What is expected ->
The reply must contain exactly the lines below from the one with "[ 포에버뉴스 김경순" down to the one with "Rambo is een", both included, and nothing more; please omit the pictures.

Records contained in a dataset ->
-------------------------

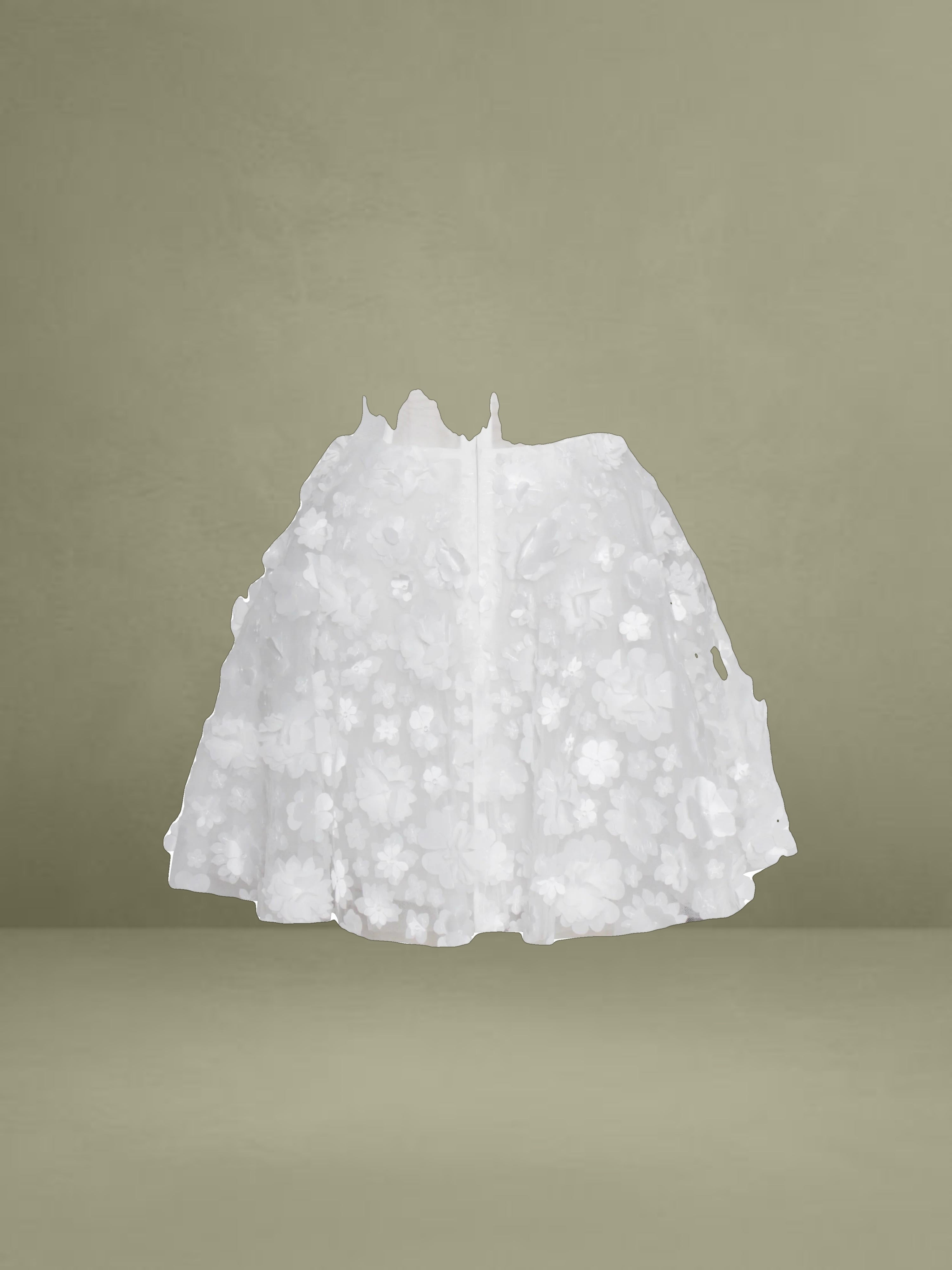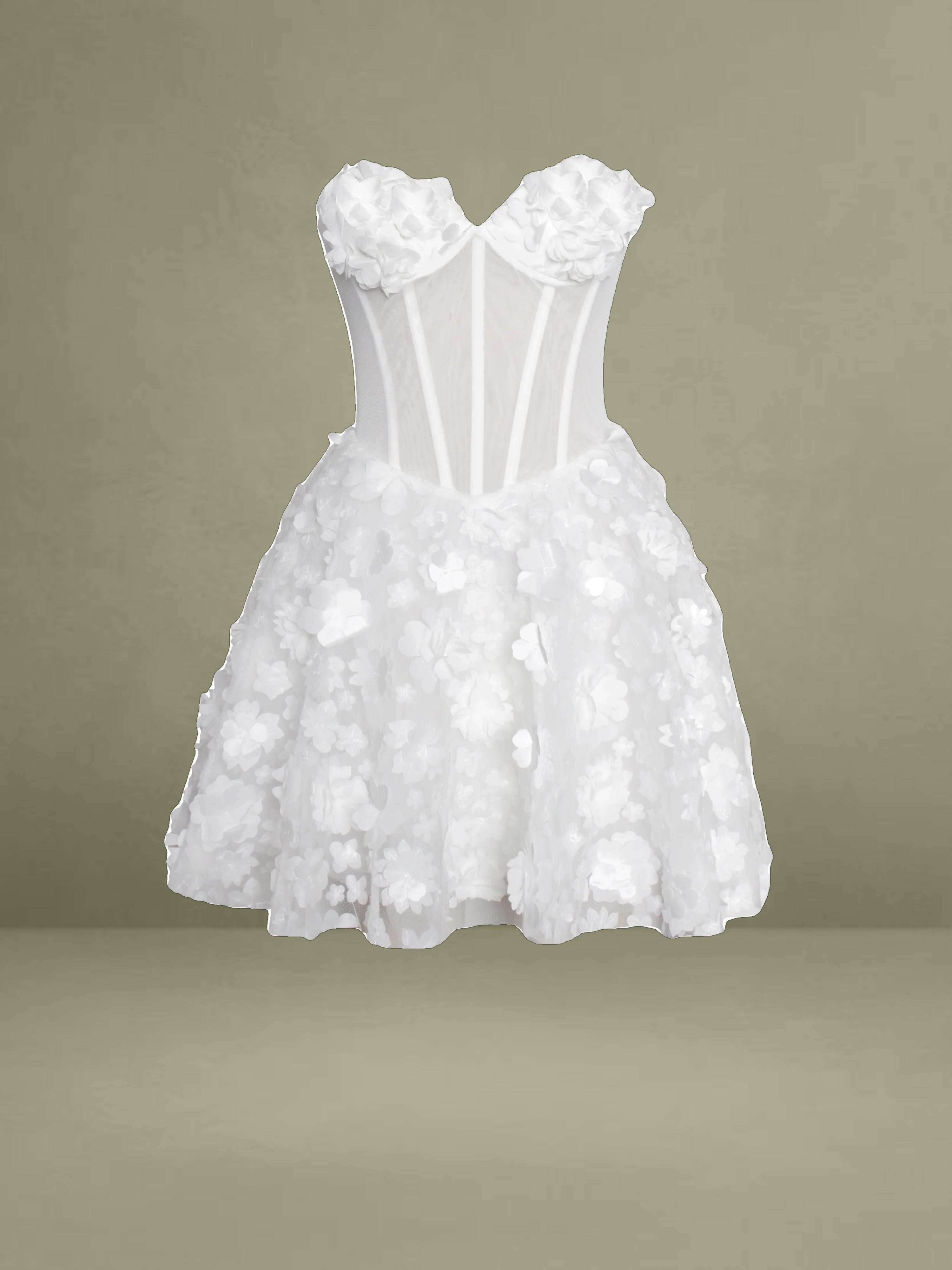 Introducing the Pamila, a charming puffy mini dress that combines playful elegance with refined details. Made from delicate mesh fabric and adorned with floral decorations, this dress features built-in bones and padded cups for a flattering and structured silhouette. The V-shape waistline enhances your figure, while the invisible zipper at the center back ensures a seamless fit. Perfect for any special occasion, this dress effortlessly blends whimsy with sophistication, making it a standout piece in your wardrobe.
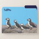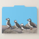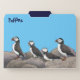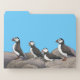 Puffins at rest on the rocks. Customizable text reading, "Puffins" also appears.
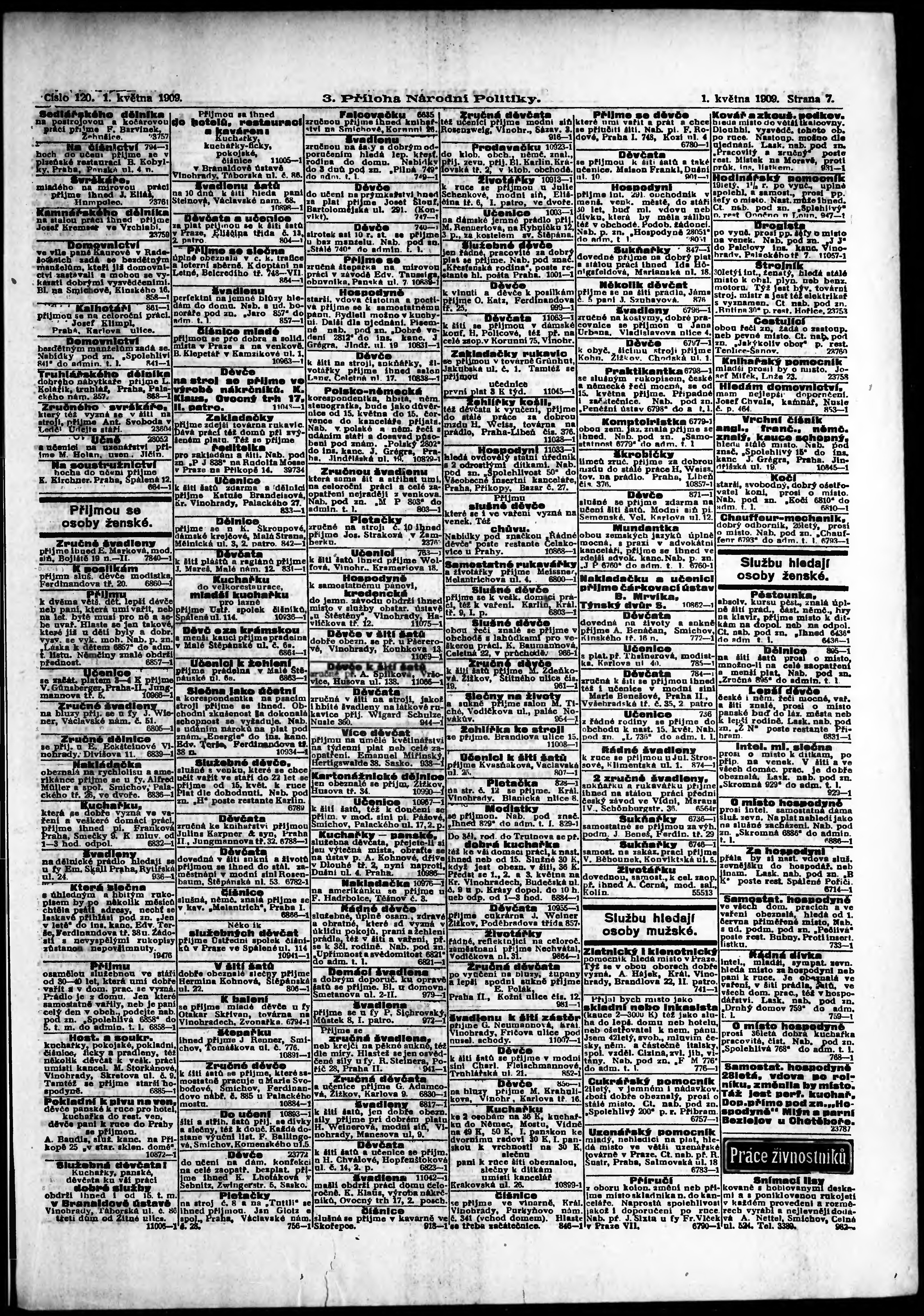 * Datum vydání výtisku: 1.5.1909 Číslo výtisku: 120 Typ výtisku: příloha Poznámky k výtisku: 3. příloha;
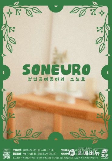 [ 포에버뉴스 김경순 기자 ] 여주시청년활동지원센터 푸릇은 오는 4월 청년공예동아리 'soneuro(소느로)' 참여자를 모집한다고 밝혔다.
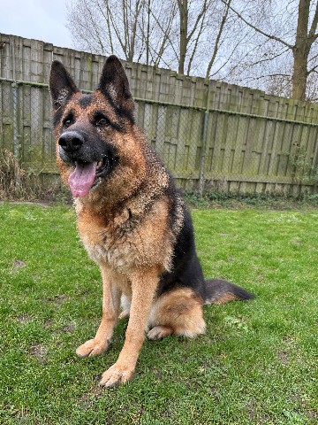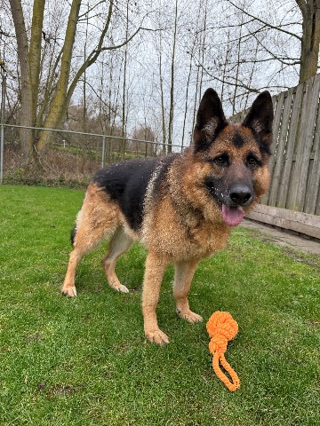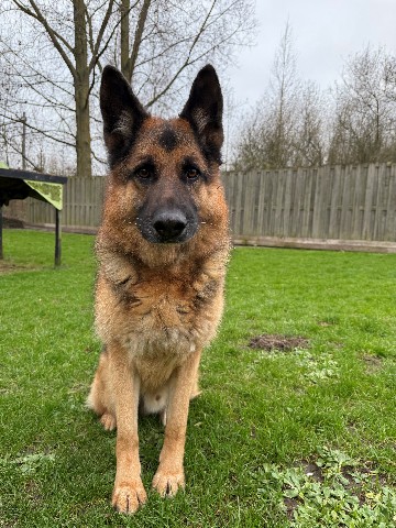 Rambo is een prachtige Duitse Herder van 8 jaar met een groot hart en een trouwe ziel. Hij is bij ons terechtgekomen omdat hij helaas niet meer paste in zijn vorige thuissituatie, maar dat doet niets af aan hoe bijzonder hij is.
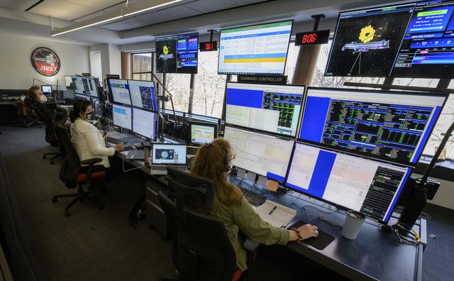 NASA James Webb Space Telescope Mission team members monitor the progress of Webb’s second primary mirror wing latching, Saturday, Jan. 8, 2022, in Baltimore. When fully latched, the infrared observatory will have completed its unprecedented process of unfolding in space to prepare for science operations. Webb will study every phase of cosmic history—from within our solar system to the most distant observable galaxies in the early universe. Photo Credit: (NASA/Bill Ingalls)

-------------------------

Written solution ->
 [ 포에버뉴스 김경순 기자 ] 여주시청년활동지원센터 푸릇은 오는 4월 청년공예동아리 'soneuro(소느로)' 참여자를 모집한다고 밝혔다.
 Rambo is een prachtige Duitse Herder van 8 jaar met een groot hart en een trouwe ziel. Hij is bij ons terechtgekomen omdat hij helaas niet meer paste in zijn vorige thuissituatie, maar dat doet niets af aan hoe bijzonder hij is.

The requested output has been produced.